Founder Nancy G. Brinker and President Elizabeth Thompson talked to executives from Komen affiliates across the country about ways to apologize to supporters and about what needs to be done next, according to a Komen official.
The overall tone was positive, but there were “lots of tough and candid questions” from executive directors and local board members, said the official, who spoke on the condition of anonymity to discuss internal communications.
Robin Prothro, executive director of Komen Maryland, said national leaders told affiliates that “we’re on track; this is what we’re doing.”
Maria Williamson, president of the Komen affiliate in Virginia’s Tidewater region, said Brinker spoke of her “deep concern” about the community backlash and the onslaught of media inquiries that deluged Komen offices last week.
Williamson likened the reaction in her office to a Category 5 hurricane. But, she said, “a really good brand can withstand a big hurricane.”
The foundation reversed course Friday after the overwhelming public reaction to news on Tuesday that Komen was no longer going to fund Planned Parenthood’s breast cancer screening because of a congressional investigation into whether the group was using federal money to pay for abortions.
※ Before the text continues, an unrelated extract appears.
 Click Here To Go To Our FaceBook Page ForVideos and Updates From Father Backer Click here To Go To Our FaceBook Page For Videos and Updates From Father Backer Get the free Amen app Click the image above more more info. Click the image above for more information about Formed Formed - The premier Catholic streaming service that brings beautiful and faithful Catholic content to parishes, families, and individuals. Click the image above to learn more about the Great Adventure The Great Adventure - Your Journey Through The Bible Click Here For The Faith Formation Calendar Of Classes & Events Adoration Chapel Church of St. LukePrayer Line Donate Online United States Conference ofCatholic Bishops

Planned Parenthood is now eligible to apply for grants, Komen said.
Now Komen executives are faced with the task of restoring credibility to one of the strongest brands in the nonprofit world.
Brendan Daly, an executive vice president at Ogilvy Public Relations and a onetime aide to former House speaker Nancy Pelosi (D-Calif.), confirmed that Komen had sought his help last week.
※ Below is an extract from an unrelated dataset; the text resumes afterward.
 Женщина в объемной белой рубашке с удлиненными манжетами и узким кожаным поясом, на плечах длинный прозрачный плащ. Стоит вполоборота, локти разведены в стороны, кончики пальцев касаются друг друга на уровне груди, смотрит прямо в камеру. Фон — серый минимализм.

Brinker told affiliates Saturday that they would also be getting help on crisis communications from Ari Fleischer, a former White House press secretary in the George W. Bush administration. Fleischer said Saturday night that he had not been asked but that if he could help, perhaps he would. Neither consultant was involved in the initial funding decision.
“People may now question the role political ideology plays in their decision-making, and that didn’t enter into people’s minds in the past,” said Lee Lynch, who heads health-care advocacy and does crisis management for the public relations firm Edelman. “So they’re going to have to deal with that perception.”
Some corporate sponsors are reviewing their partnerships. Komen affiliates have already lost donations and Race for the Cure sponsorships. In New York, the Tocqueville Restaurant e-mailed a “note of concern” Saturday to patrons, notifying them that it was no longer donating proceeds to Komen from a special dinner Tuesday because of “the recent events.”